The NCAA would shut down less than two weeks later, 24 hours before the start of the National Meet. That was painful. I loved Track and Field, and to have the sport taken away when I was starting to blow up on the track was hard to process.
But it became a lesson in acceptance. You will be forced to move on from things when you aren’t ready to, and you will be justified in being upset at first. But being able to move on and make the most of a situation is how you grow.
As for the larger lesson here: When God asks you to take a leap of faith, take it. I gave up track because I felt moved to come here.
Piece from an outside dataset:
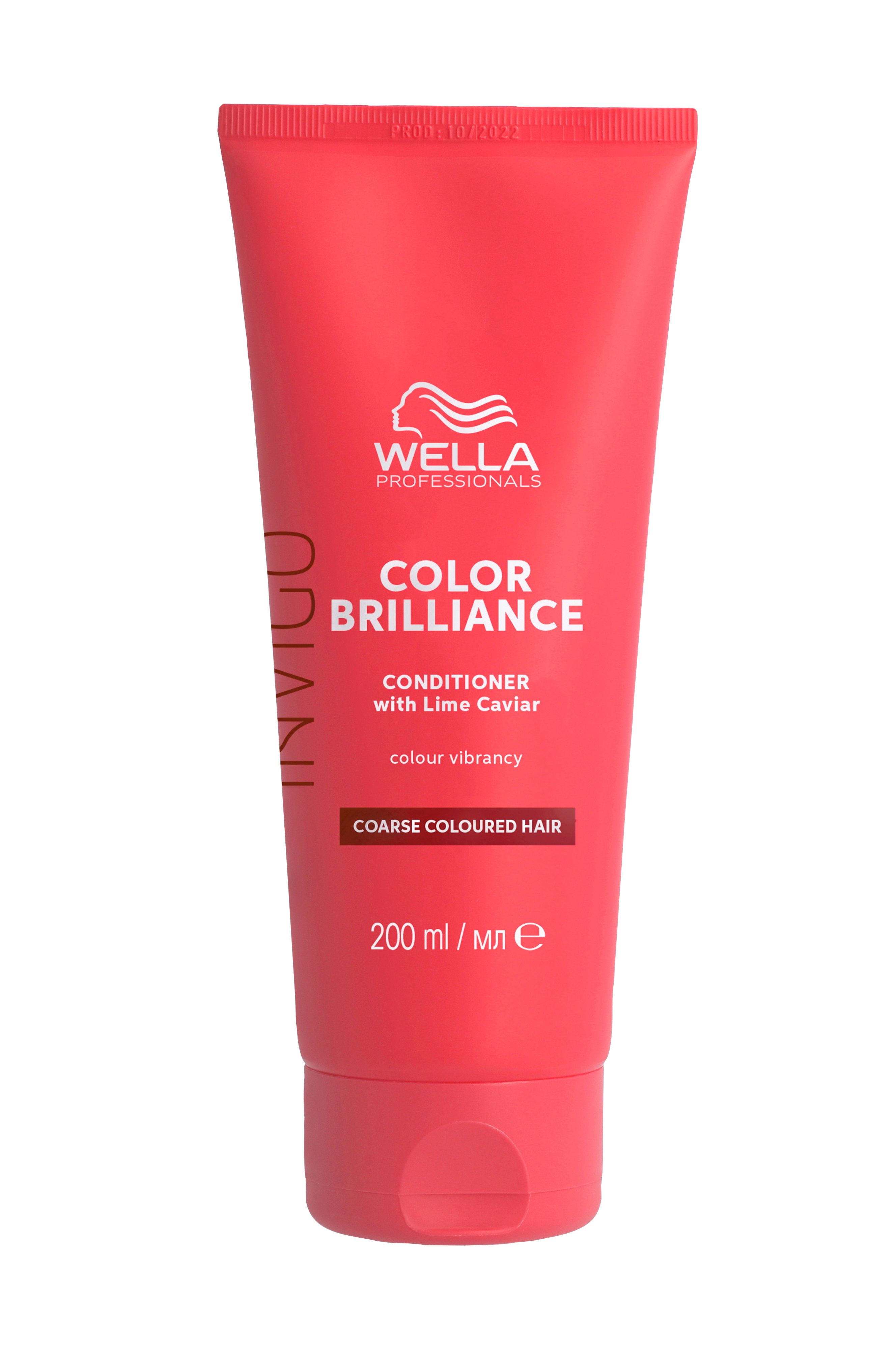 Wella Professionals Invigo Color Brilliance Conditioner til groft hår er en professionel farvebevarende balsam til farvet hår. Denne professionelle balsam er designet til at bevare farvens vitalitet og forbedre håroverfladen, mens den efterlader dit hår smidigt, skinnende og uimodståeligt blødt at røre ved. Denne farvebevarende balsam indeholder Color Brilliance-Blend™ og limekaviar, en ingrediens, der er kendt for at være rig på forskellige antioxidanter og vitaminer, og hjælper aktivt med at kontrollere oxidationsprocessen, der opstår efter farvning.

Now, I have the highest award a collegiate runner can have, and in the most unorthodox manner.
My story does not happen if I shy away from taking the difficult path. It doesn’t happen if I don’t have faith that God doesn’t give you anything you cannot handle. It is this faith that has allowed me to be grounded in today’s tumult, and not worry about tomorrow’s outlook.
Reader, if you feel that you are being pulled to take a leap of faith, Jump. And do so Zealously.